COURT OF TAX APPEALS and FORTUNE TOBACCO CORPORATION G.R. No. 119761 August 29, 1996 VITUG, J.: FACTS : Fortune Tobacco Corporation, engaged in the manufacture of different cigarette brands was issued separate certificates of trademark registration on various dates for their products CHAMPION, HOPE and MORE. In a letter by then CIR Commissioner Bienvenido Tan Jr. To Deputy Minister Ramon Diaz of the PCGG, the commission classified these cigarettes as foreign brands having been listed in the World Tobacco Directory as belonging to foreign companies. Fortune Tobacco removed said brands from the foreign brands category by changing the names to HOPE Luxury and Premium MORE . Proof was submitted that CHAMPION was their original product and therefore a local brand. Ad valorem taxes were imposed on Hope Luxury More Premium and Champion International at 40% to 45% and Champion Kings and Lights at 15% to 20%. A bill which later became RA 7564 became effective on July 3, 1993 and it amended Sec 142(c)(1) of the National Internal Revenue Code. Two days before RA 7654 became effective RMC 37-93 was issued by the BIR stipulating that since HOPE, MORE and CHAMPION cant be traced to a single manufacturer of a single country, they are considered locally manufactured cigarettes bearing a foreign brand subject to 55% Ad Valorem tax on cigarettes. On July 2, 1993, BIR Deputy Commissioner Victor Deoferio Jr. sent a copy of RMC 3793 via telefax to Fortune Tobacco addressed to no particular person. A copy of the same was received by the company by ordinary mail on July 15, 1993 which prompted them to write a letter to the appellate division of BIR requesting for review, reconsideration and recall of said memo. The request was denied and an ad valorem tax deficiency was assessed at P 9,598,334. Fortune Tobacco filed a petition for review with the CTA which ruled that when RA 7654 took effect, the brands were not classified and taxed at 55%. As such , they shall be classified as locally manufactured cigarettes taxed at 45 or 20% as the case may be. The ad valorem tax assessment was cancelled for lack of legal basis. With the CTA dismissing a motion for reconsideration, the CIR filed a petition for review with CA which affirmed in all respect the assailed decision and resolution.

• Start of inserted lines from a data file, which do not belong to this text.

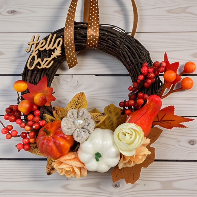 Vidám őszi ajtódísz vessző alapon tökökkel, bogyókkal, virágokkal, levelekkel díszítve. Átmérő kb. 20 cm.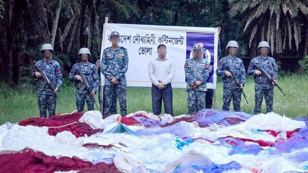 বাংলাদেশ নৌবাহিনী অভিযানে ভোলার লালমোহনে আড়াই কোটি টাকার অবৈধ জাল জব্দ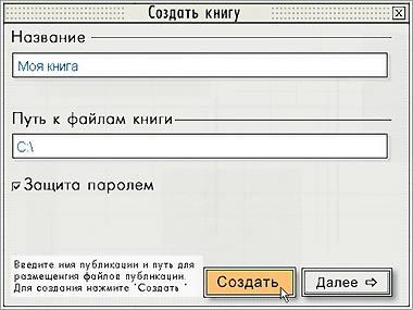 В поле «Название» этого окна следует ввести произвольное имя или оставить предлагаемое по умолчанию, а в поле «Путь к файлам книги» задать адрес папки, где будут размещаться публикации всех файлов. Установка флажка «Защита паролем» позволит конвертировать документ с последующей защитой от несанкционированного доступа.
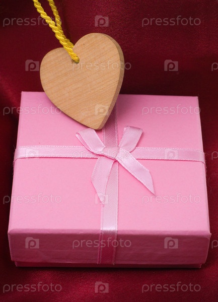 Деревянное сердце и подарок на атласной драпировке - Сувенир в день святого Валентина (Valentine's Day)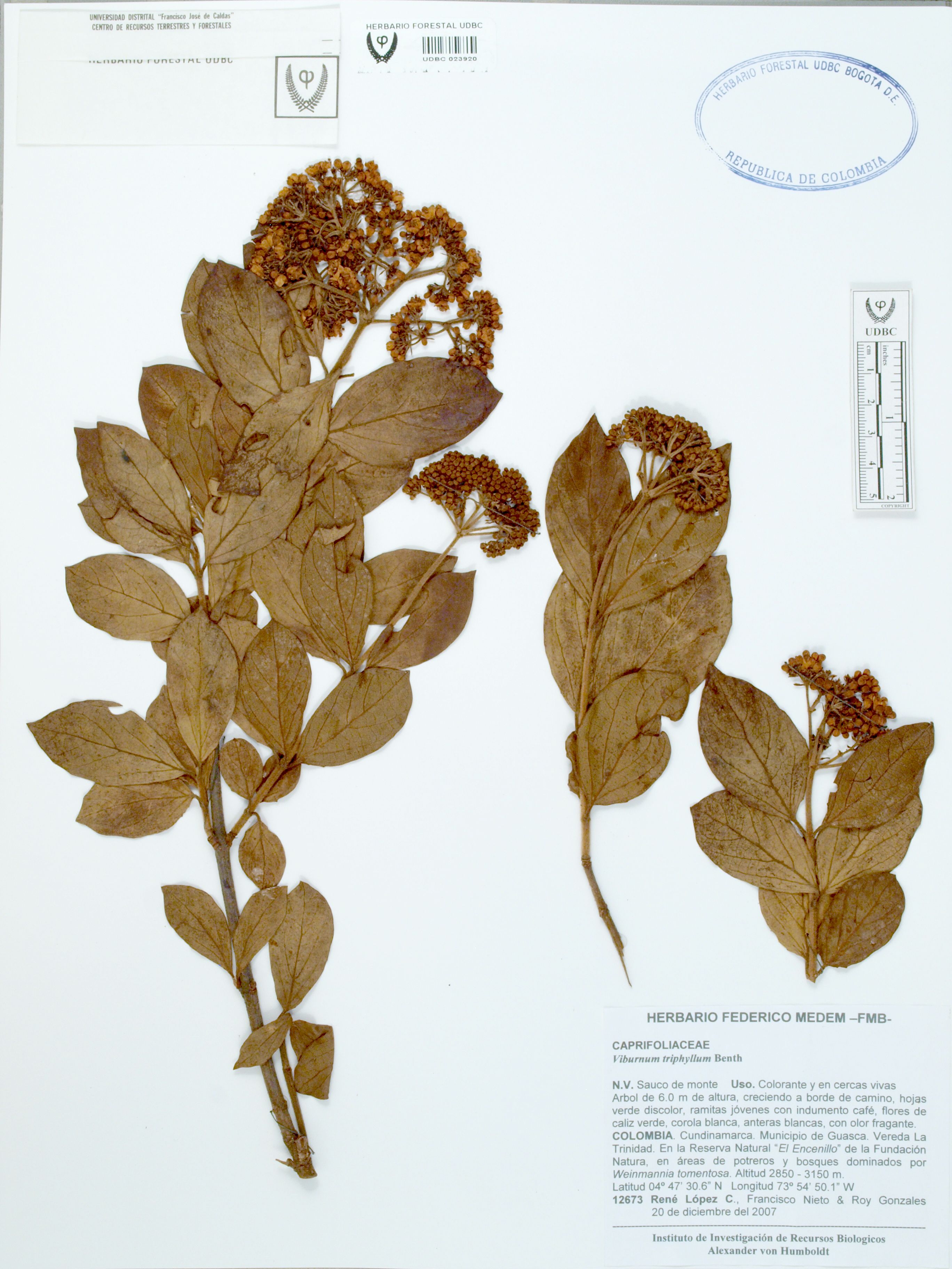 | dc.description | Fotografía del ejemplar López, R. 12673, determinado como Viburnum triphyllum | |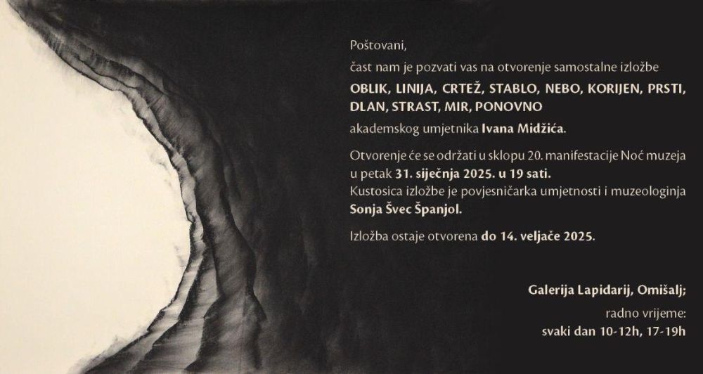 U petak 31. siječnja 2025. u sklopu 20. manifestacije Noć muzeja u galeriji Lapidarij u Omišlju održat će se program koji obuhvaća niz raznolikih aktivnosti namijenjenih svim generacijama krenuvši od samostalne izložbe "Oblik, linija, crtež, stablo, nebo, korijen, prsti, dlan, strast, mir, ponovo" eminentnog i svestranog akademskog umjetnika Ivana Midžića koja ukazuje na često nevidljiv, kompleksan, ali i bogat i raznolik rad umjetnika te pruža vizualno, umjetničko i edukativno iskustvo koje će dodatno biti prošireno zanimljivim i bogatim informacijama o radu samog autora kroz razgovor s umjetnikom u kojem ćemo se dotaknuti i njegovog radnog okruženja, izazova s kojima se susreće, stvaralačkog procesa te svih segmenata djelovanja koji prethode realizaciji same izložbe, a javnost ćemo upoznati s relevantnim informacijama što predstavljanje vlastitog rada unutar muzeja ili galerije predstavlja za umjetnika, kakav utjecaj imaju izložbe na publiku te kako niz nevidljivih poslova koje obavljaju organizatori i autori izložbi doprinosi zaokruženom iskustvu koje posjetitelj doživljava prilikom konzumacije sadržaja koje lokalni muzeji i galerije predstavljaju javnosti. Za najmlađe će biti organizirana posebna likovna igra koja spaja aktualnu izložbu s bogatim kulturnim i prirodnim nasljeđem Omišlja, a svi posjetitelji bit će pozvani ispuniti anonimnu anketu o važnosti i zastupljenosti umjetnosti u našim svakodnevnim životima.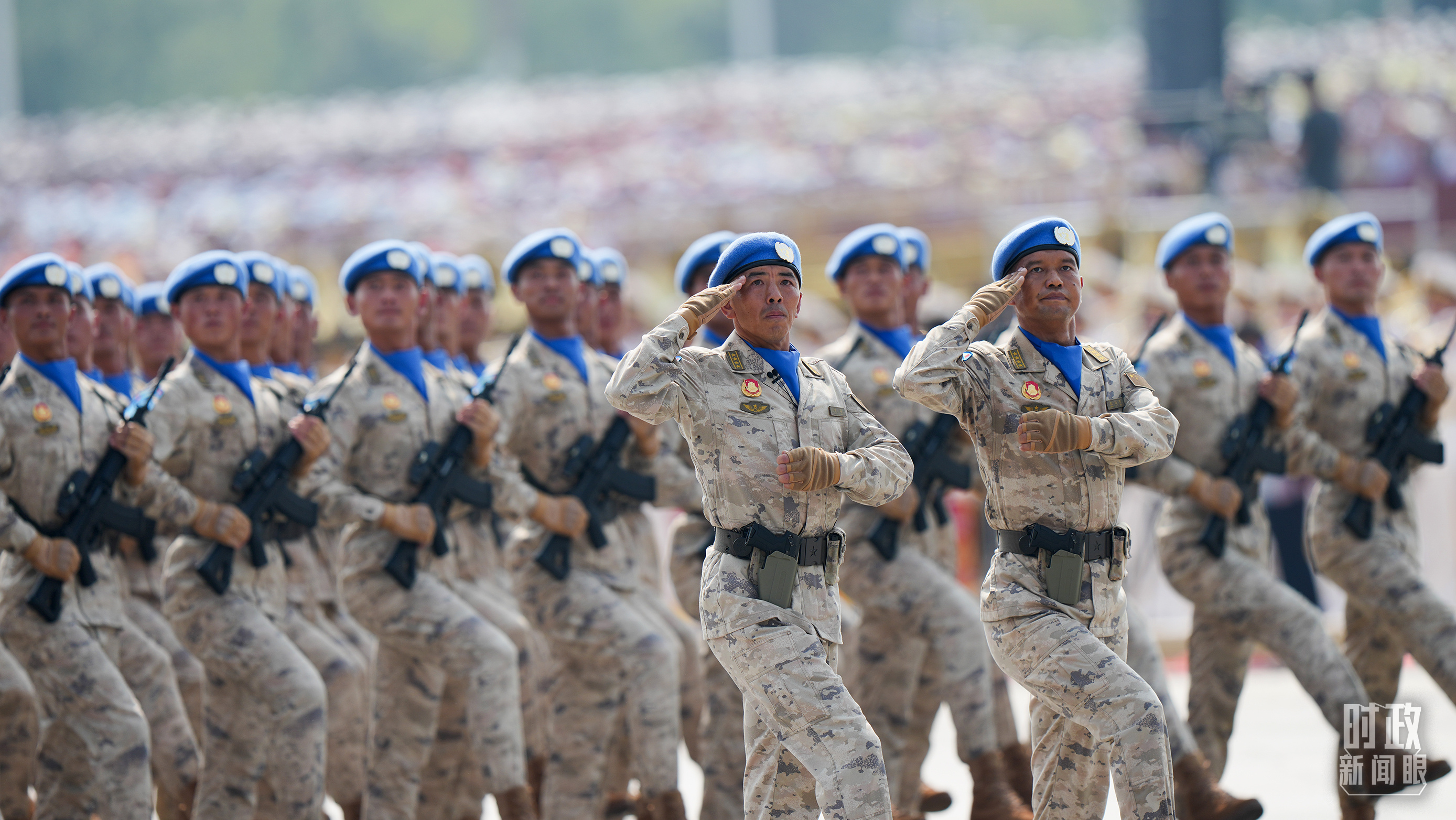 閱兵式上,維和部隊方隊闊步走來。今年是中國軍隊參加聯(lián)合國維和行動35周年,累計派遣超過5萬名維和官兵,中國是聯(lián)合國安理會常任理事國中派出維和人員最多的國家?!爸袊{(lán)盔”不懼艱險、不辱使命,以熱血鍛鑄和平盾牌,用行動譜寫大國擔(dān)當(dāng),已經(jīng)成為守護(hù)世界和平安寧的關(guān)鍵穩(wěn)定力量。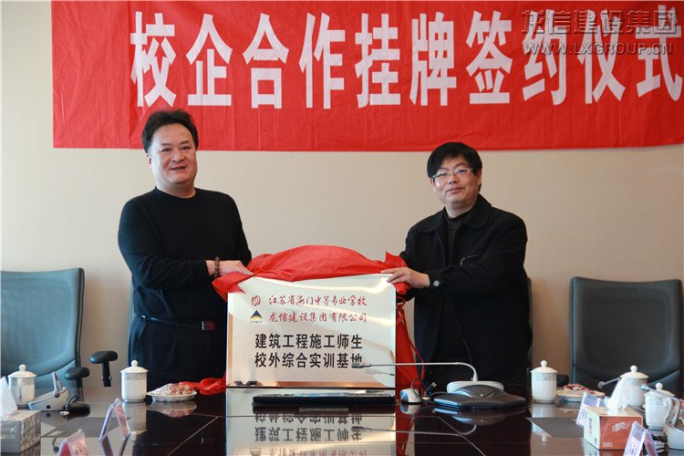 為促進校企深度合作,完善校企雙贏機制,實現(xiàn)校企協(xié)同發(fā)展, 2015年2月9日下午,在龍信大廈二樓會議室舉行了龍信集團與海門中專共建師生綜合校外實訓(xùn)基地的揭牌儀式。海門中專的陸衛(wèi)平副校長、郁建菊主任、張慧琴主管、楊海燕老師、黃其中老師,我集團總經(jīng)理唐愛東、監(jiān)事會主席卞勤華、集團常務(wù)副總工程師劉瑛、經(jīng)營部經(jīng)理賀廣海、施工技術(shù)部經(jīng)理張豪、人力資源部經(jīng)理黃麗英、人力資源部主管宋斌斌參加了揭牌儀式。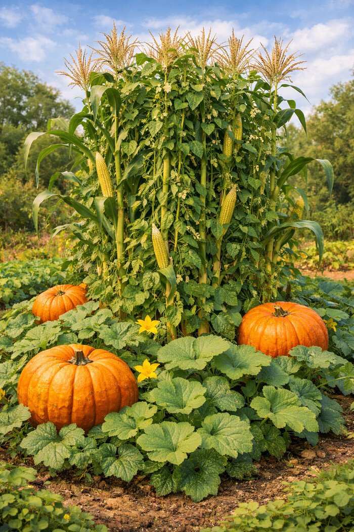 - Bohnen: Klettern am Mais empor und fixieren Stickstoff im Boden, was die Bodenfruchtbarkeit verbessert.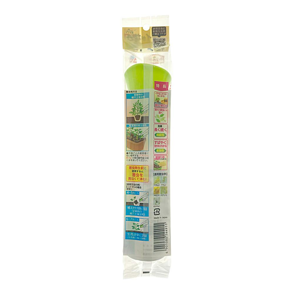 ●イヤなニオイがないから、室内で使える ●隠れた害虫にも効く ●効果長く続く、持続性 ●すばやく効きひろがる、速効性 ●苗を植える時、生育途中にも使える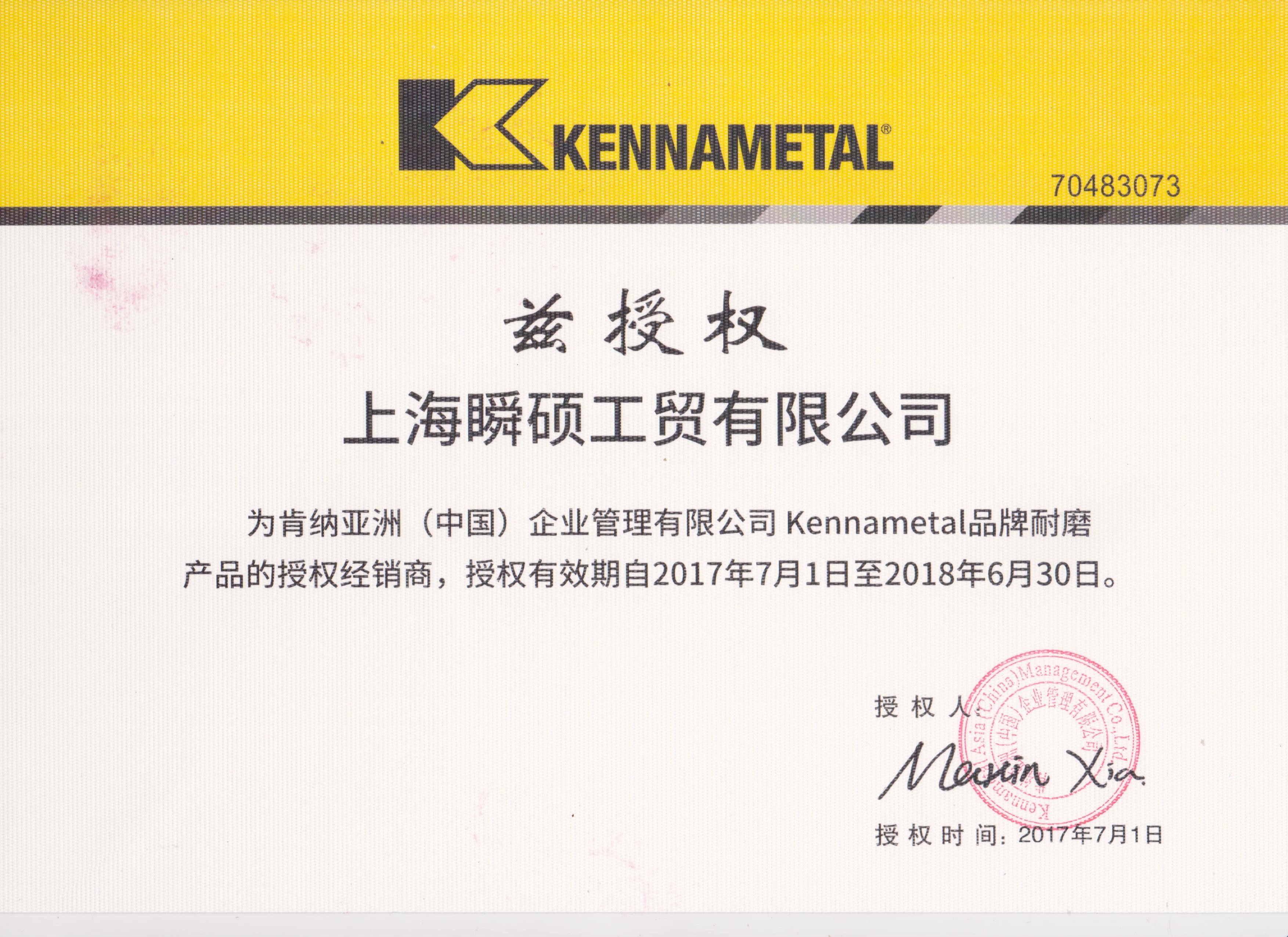 上海瞬碩工貿(mào)有限公司為美國肯納正式授權(quán)經(jīng)銷商(連續(xù)8年)2017-02-23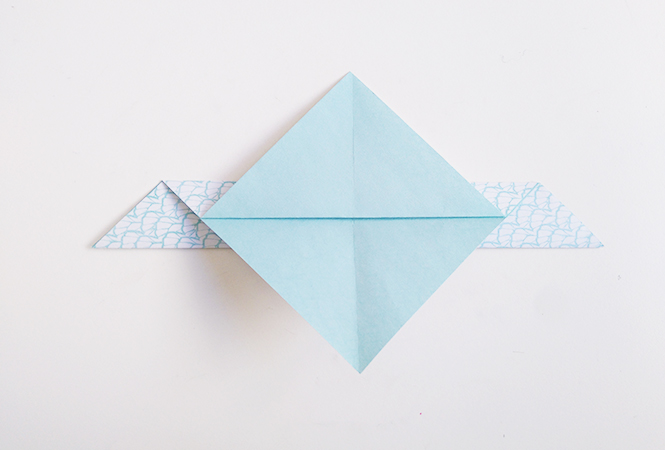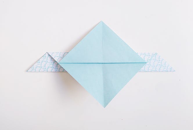 Pour votre oiseau en origami, choisissez un joli papier coloré. Selon le papier choisi, l'effet sera totalement différent ! Nous avons choisi un papier avec un côté à motif bleu et blanc, et un côté uni bleu ciel.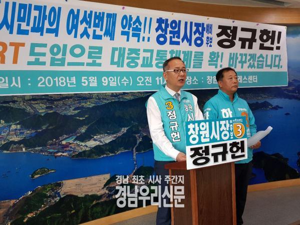 바른미래당 정규헌 창원시장 후보가 9일 오전 창원시청 프레스센터에서 기자회견을 열고 6번째 공약인 “GRT, BRT 도입으로 대중교통체계를 확 바꾸겠다”고 공약했다.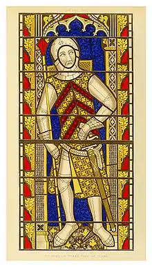 ![]() Gilbert de Claire. Illustration taken from a stained glass window at Tewkesbury Abbey. | |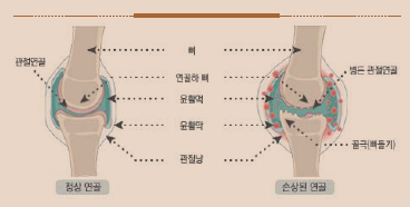 무릎을 이루는 연골, 인대, 근육, 힘줄 모두 소중하게무릎은 어깨와 함께 움직임이 많고 체중의 부하가 그대로 전달되어 부담을 받기에 쉽게 닳고 약해진다. 한 번 아프면 회복하기가 쉽지 않기 때문에 아프기 전에 미리미리 관절을 보호하는 습관이 필요하다.퇴행성 무릎관절염이란 윗다리와 아랫다리 사이에 있는 무릎뼈를 싸고 있는 연골. 보통 물렁뼈라고 하는데 이 물렁뼈가 닳거나 찢어진 것을 퇴행성 무릎관절염이라고 한다. 무릎을 굽히고 펴는 데는 힘줄, 관절액, 관절낭, 뼈, 인대, 연골 등이 긴밀하게 움직인다.연골이 닳아도 통증을 느끼지 못한다 물렁뼈인 연골은 관절을 구성하는 뼈끝을 싸고 있다. 우리 몸이 걷거나 움직일 때 충격을 완화하고 부드럽게 움직이도록 한다. 그러나 연골에는 신경세포가 없어 닳거나 찢어져도 통증을 바로 느낄 수 없어 뼈가 노출된 후에야 비로소 통증을 느낄 수 있다. 또한, 혈관이 없어 활액막에서 분비되는 관절액에서 확산을 통해 영양을 공급받는다. 즉 스스로 재생해 치유하는 능력이 없다. 손상될 때까지 잘 모르고, 알아도 치유하기 어려운 이유다.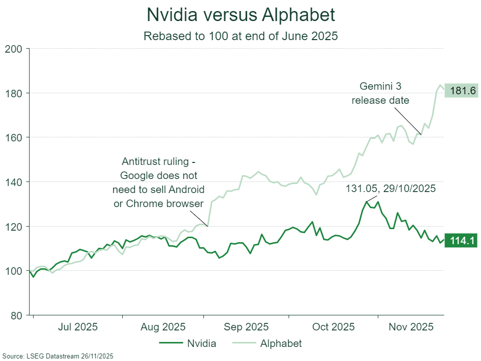 However, the market’s focus has shifted from historical performance to whether Nvidia can continue to dominate the AI chip market in the future, a narrative strongly influenced by Alphabet’s recent success. The launch of Google’s Gemini 3 model last week, may have marked a pivotal moment. Their new large language model (LLM) reportedly outperformed OpenAI’s top GPT-5 in model intelligence across most benchmarks, proving that legacy technology giants can compete with newer, more nimble start-ups like OpenAI when developing frontier AI models.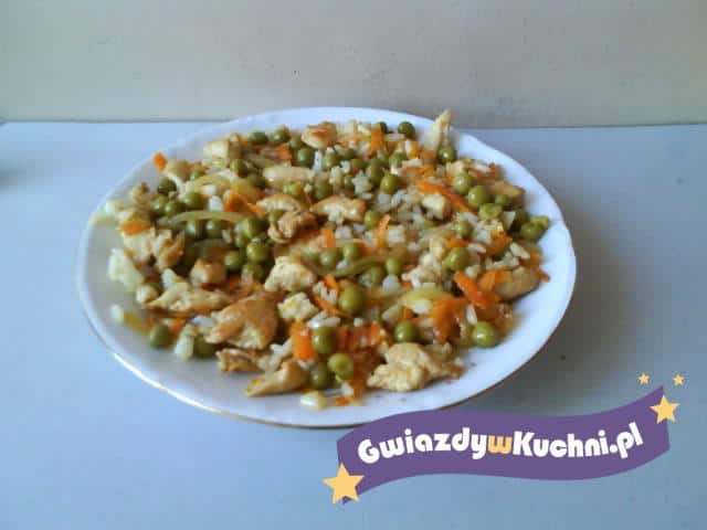 Pierś z kurczaka pokroić w paseczki. Cebulę obrać i pokroić w piórka. Marchewkę oskrobać, umyć i zetrzeć na tarce o grubych oczkach. Na patelni rozgrzać olej, podsmażyć cebulę i mięso, dodać marchewkę, doprawić pieprzem i solą. Wszystko zalać niewielką ilością wody i dusić 20 min. Dodać osączony groszek i ryż, wymieszać. Całość dusić jeszcze chwilę.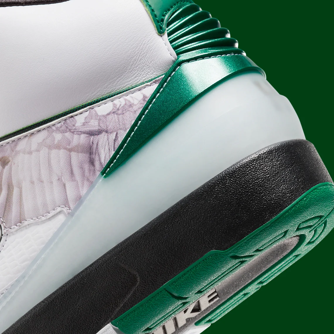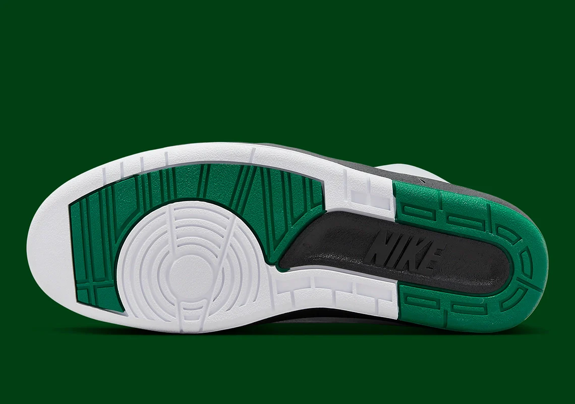 La sneaker assure un amorti léger et un soutien grâce à sa semelle intermédiaire en PU noir, équipée d’une unité de semelle Air encapsulée. La languette arrière de la marque Nike et le logo rétro Wings sur la languette apparaissent en vert contrasté. Pour commémorer les contributions d’Howard White, la lettre « H » est mise en évidence sur la semelle intérieure et se trouve également sous le contrefort du talon semi-translucide.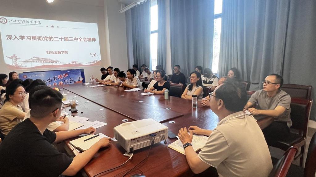9月4日下午,财税金融学院在八里湖校区洙泗学馆B101会议室举行专题学习会,传达并深入学习了党的二十届三中全会精神。本次会议由学院党总支副书记王怡然主持,学院全体教职工参加。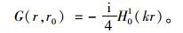 式中,G(r, r0) 为无声屏障时r点处的声压;H10为第一种0阶的Hankel函数。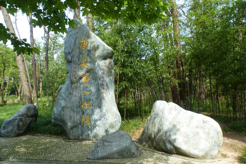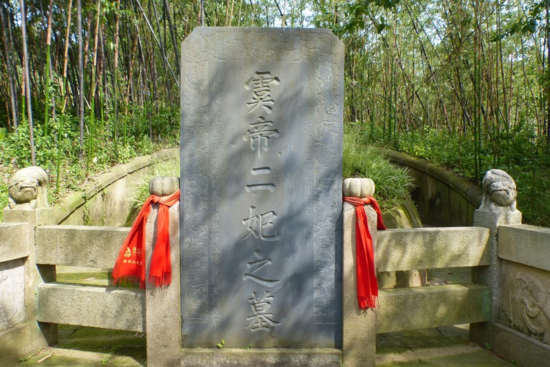 二妃突闻噩耗,投水殉情,葬于君山。虞帝(即舜帝,舜为四部落联盟首领,以受尧的“禅让”而称帝于天下,其国号为“有虞”,故号为“有虞氏帝舜”)二妃墓是娥皇、女英的合葬墓,是中国古代最早的妃子墓,故称华夏第一妃陵。二妃墓前立有大书“虞帝二妃之墓”的墓碑。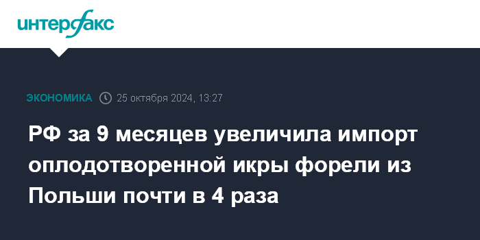 РФ за 9 месяцев увеличила импорт оплодотворенной икры форели из Польши почти в 4 раза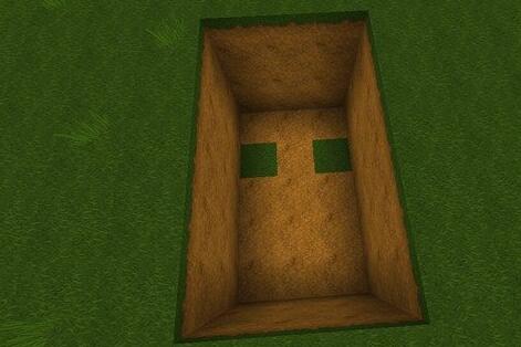 1、首先先在地面挖一个长4格宽3格深2格的坑;

There was no Notice and hearing and CIR argued that the memo was a mere interpretation of the ruling of BIR and as such, notice and hearing is not required. ISSUE: WON RMC 37-93 is a mere interpretative ruling which can stand as valid and enforceable without publication. RULING: No. Like any government agency, the CIR may not disregard legal requirements and applicable principles in the exercise of its quasi legislative powers. Lack of notice and hearing was a violation of the required due process and an infringement of the uniformity of taxation and equal protection considering further that it excluded other cigarette bearing foreign brands. Interpretative rules provide guidelines which the administrative agency in charge must enforce. When merely interpretative, it has no other consequences other than what the law itself has already prescribed. The memo was not a mere interpretative rule. Instead, it was a legislative rule in the nature of subordinate legislation designed to implement a primary legislation by providing details thereof. Being a promulgated legislative rule, it must be published. BIR in its move to reclassify the three cigarette brands and in raising their ad valorem taxes legislated under a quasi legislative authority, it did not simply interpret RA 7654. Without RMC 37-93, the enactment of RA 7654 would have no new tax rate consequence on the products of the private respondent.